Six Maryland Students Receive Awards for Writing Contest
Students and teacher honored at Maryland Humanities ceremony honoring state finalists for Letters About Literature
(Baltimore, MD) – Three Maryland students read their letters to authors onstage to a live audience in the Harry and Jeannette Weinberg Auditorium at Mercy High School on May 12. Each of these students took home the first place prize in the state for their age range in the 2018 Letters About Literature contest, a program of the Center for the Book in the Library of Congress, coordinated locally by Maryland Humanities. The three runners-up received awards, as well. One hundred ten finalists from across Maryland were honored at the ceremony in Baltimore City. Tara A. Elliott received the Christine D. Sarbanes Teacher of the Year Award, awarded to a Maryland teacher who works to promote reading by employing creative teaching methods to inspire students to read great literature. Elliot teaches English and Language Arts at Salisbury Middle School in Wicomico County.

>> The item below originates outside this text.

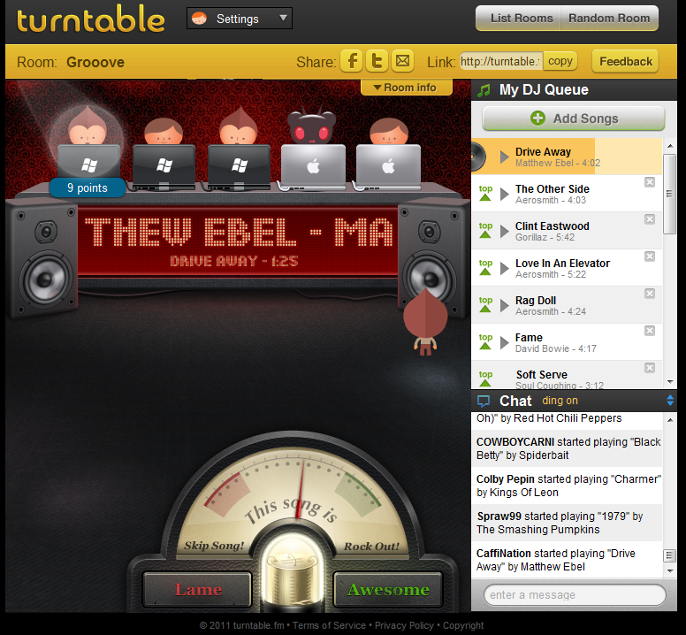 There is a new kid on the music block. And I don’t mean a boy band craze you have to run away from… unless you wander into a bad room. Turntable.fm is a new service currently in limited / not limited beta. If you have a friend who is in the beta on facebook sign in and you’re golden. If you don’t have a friend you could either request an invite, or Like the CaffiNation, and request to be my buddy. And then you get in. Easy Peezy.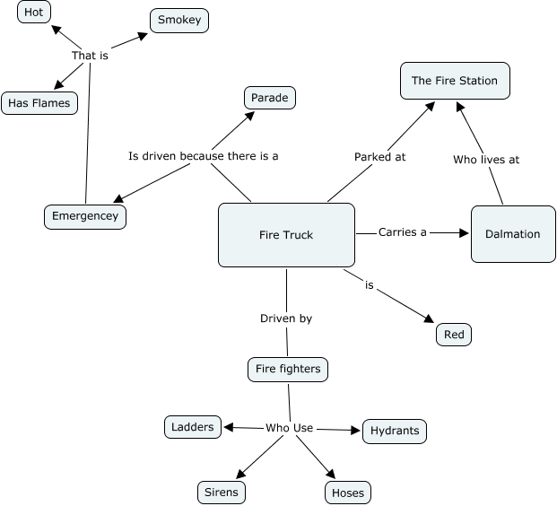 This Concept Map, created with IHMC CmapTools, has information related to: Fire Truck, Fire Truck is Red, Fire Truck Is driven because there is a Emergencey, Dalmation Who lives at The Fire Station, Fire fighters Who Use Sirens, Emergencey That is Smokey, Fire Truck Parked at The Fire Station, Fire fighters Who Use Ladders, Emergencey That is Hot, Fire Truck Is driven because there is a Parade, Fire Truck Driven by Fire fighters, Emergencey That is Has Flames, Fire Truck Carries a Dalmation, Fire fighters Who Use Hydrants, Fire fighters Who Use Hoses

Letters About Literature is a national program where students write to the author (living or dead) of a book, poem, or speech and express how the work changed their view of the world or themselves. Letters are judged on state and national levels. More than 46,000 students from across the country entered Letters About Literature this year. Readers in grades 4–12 are eligible to enter the contest. The first place winners for each contest level advance to the national level of the competition. Read the letters from the Maryland winners.
Minh Lê—author of Let Me Finish! and the upcoming Drawn Together and Green Lantern: Legacy—gave the keynote address. In his remarks, Lê directly addressed each winner and runner-up with a response specific to the letter they wrote. The Honorable Paul Sarbanes, The Honorable John P. Sarbanes, Michael Sarbanes, and Becky Brasington Clark of the Library of Congress spoke as well.